DATA PROVIDED Block Start

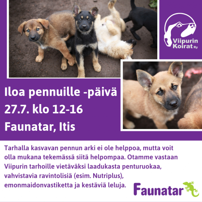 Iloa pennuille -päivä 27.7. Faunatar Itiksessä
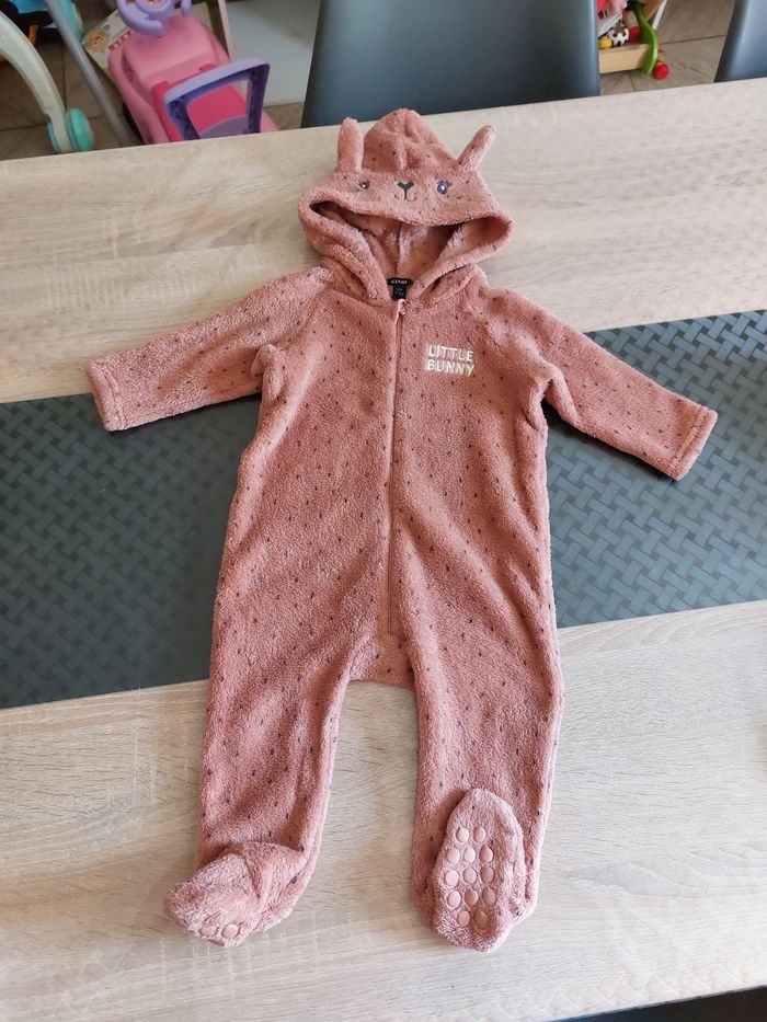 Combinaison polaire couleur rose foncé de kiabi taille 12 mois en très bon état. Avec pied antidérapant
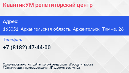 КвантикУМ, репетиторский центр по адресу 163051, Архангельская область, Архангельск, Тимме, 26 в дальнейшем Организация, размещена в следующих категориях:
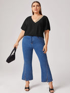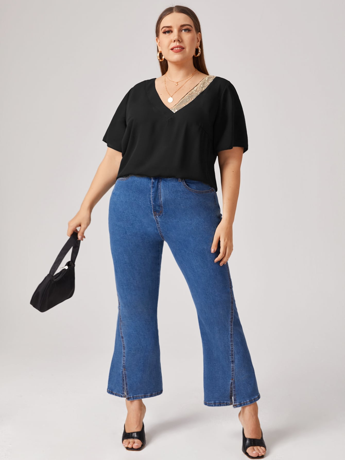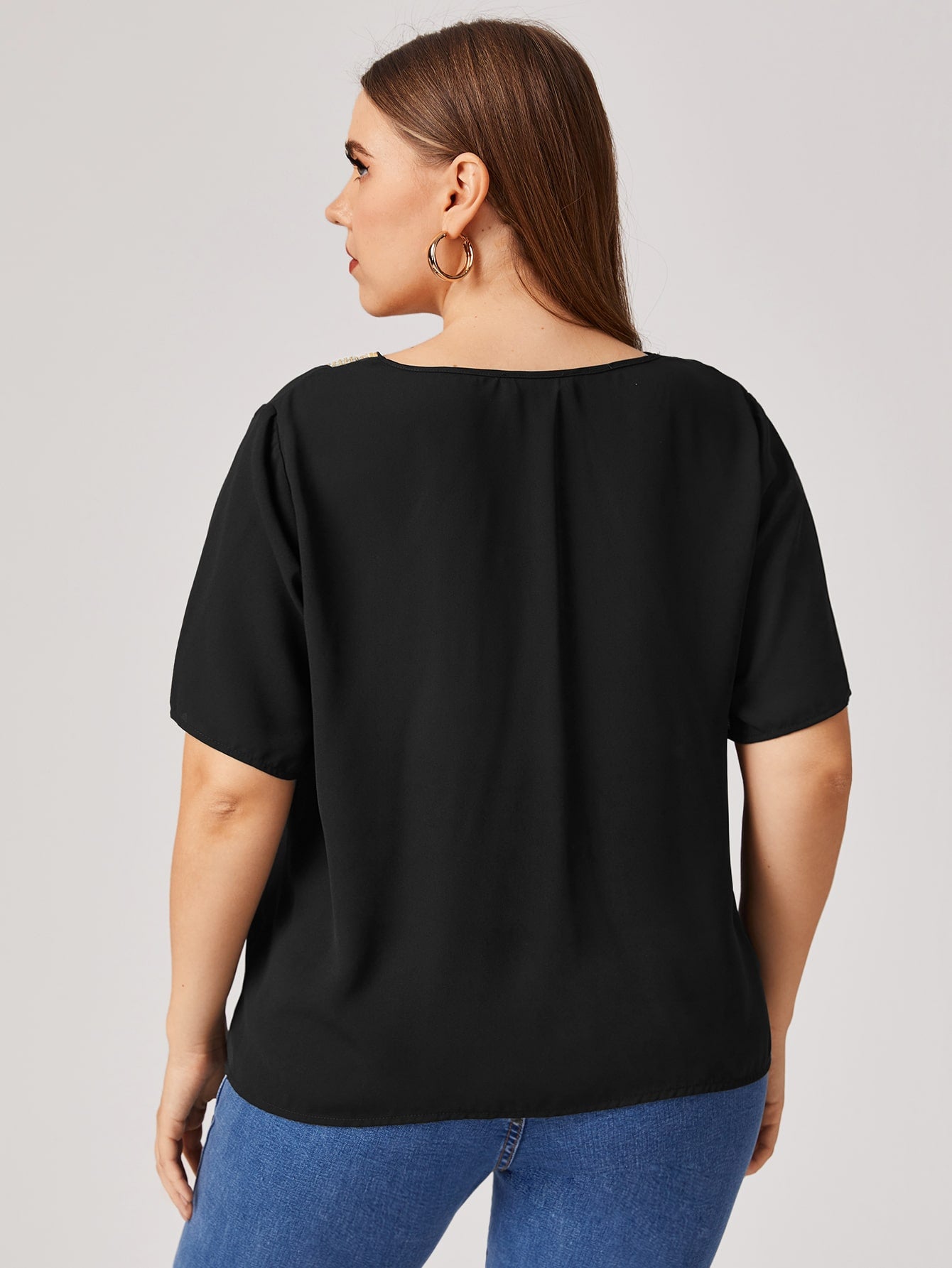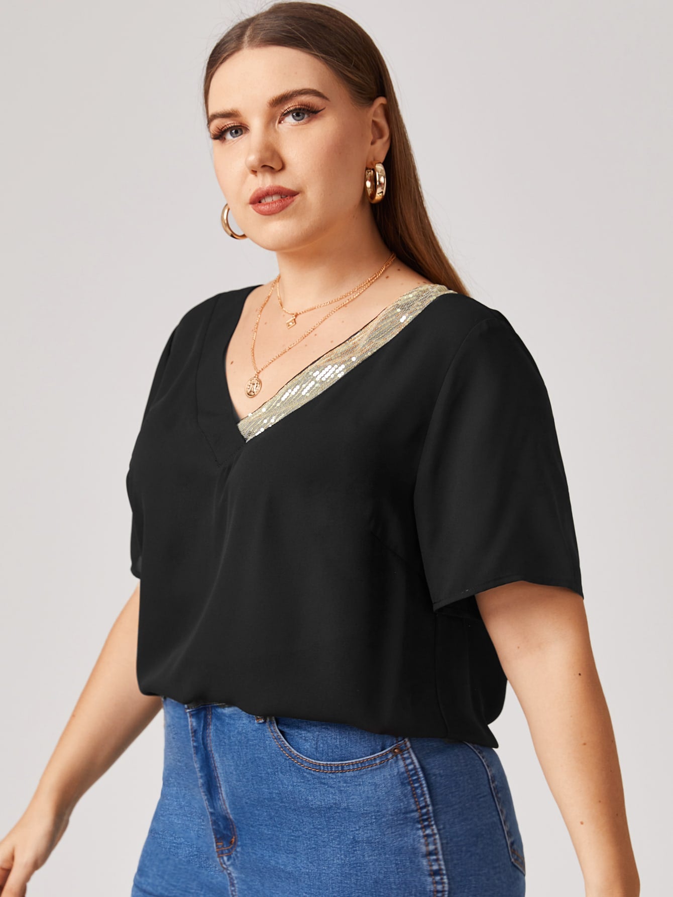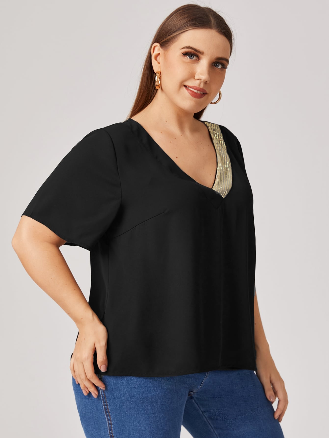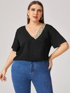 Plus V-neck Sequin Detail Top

DATA PROVIDED Block End

- EXERCISE
Please retype the whole of the data precisely, omitting pictures.

- RESULT
 Iloa pennuille -päivä 27.7. Faunatar Itiksessä
 Combinaison polaire couleur rose foncé de kiabi taille 12 mois en très bon état. Avec pied antidérapant
 КвантикУМ, репетиторский центр по адресу 163051, Архангельская область, Архангельск, Тимме, 26 в дальнейшем Организация, размещена в следующих категориях:
 Plus V-neck Sequin Detail Top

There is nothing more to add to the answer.